1. Palavras do pregador, filho de Davi, rei em Jerusalém.

2. Vaidade de vaidades, diz o pregador, vaidade de vaidades! Tudo é vaidade.

3. Que proveito tem o homem, de todo o seu trabalho, que faz debaixo do sol?

4. Uma geração vai, e outra geração vem; mas a terra para sempre permanece.

5. Nasce o sol, e o sol se põe, e apressa-se e volta ao seu lugar de onde nasceu.

6. O vento vai para o sul, e faz o seu giro para o norte; continuamente vai girando o vento, e volta fazendo os seus circuitos.

7. Todos os rios vão para o mar, e contudo o mar não se enche; ao lugar para onde os rios vão, para ali tornam eles a correr.

8. Todas as coisas são trabalhosas; o homem não o pode exprimir; os olhos não se fartam de ver, nem os ouvidos se enchem de ouvir.

9. O que foi, isso é o que há de ser; e o que se fez, isso se fará; de modo que nada há de novo debaixo do sol.

10. Há alguma coisa de que se possa dizer: Vê, isto é novo? Já foi nos séculos passados, que foram antes de nós.
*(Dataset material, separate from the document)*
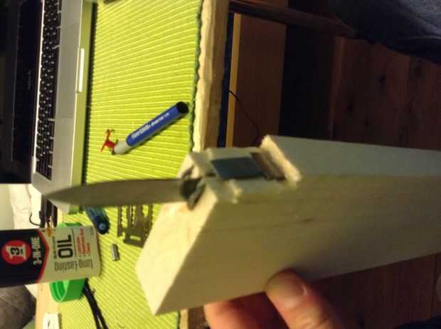 Los soportes de la cuña en la madera (pongo uno ontop del otro) frente a eacthother, con hoja se situe en sala.

11. Já não há lembrança das coisas que precederam, e das coisas que hão de ser também delas não haverá lembrança, entre os que hão de vir depois.

12. Eu, o pregador, fui rei sobre Israel em Jerusalém.

13. E apliquei o meu coração a esquadrinhar, e a informar-me com sabedoria de tudo quanto sucede debaixo do céu; esta enfadonha ocupação deu Deus aos filhos dos homens, para nela os exercitar.

14. Atentei para todas as obras que se fazem debaixo do sol, e eis que tudo era vaidade e aflição de espírito.

15. Aquilo que é torto não se pode endireitar; aquilo que falta não se pode calcular.

16. Falei eu com o meu coração, dizendo: Eis que eu me engrandeci, e sobrepujei em sabedoria a todos os que houve antes de mim em Jerusalém; e o meu coração contemplou abundantemente a sabedoria e o conhecimento.

17. E apliquei o meu coração a conhecer a sabedoria e a conhecer os desvarios e as loucuras, e vim a saber que também isto era aflição de espírito.

18. Porque na muita sabedoria há muito enfado; e o que aumenta em conhecimento, aumenta em dor.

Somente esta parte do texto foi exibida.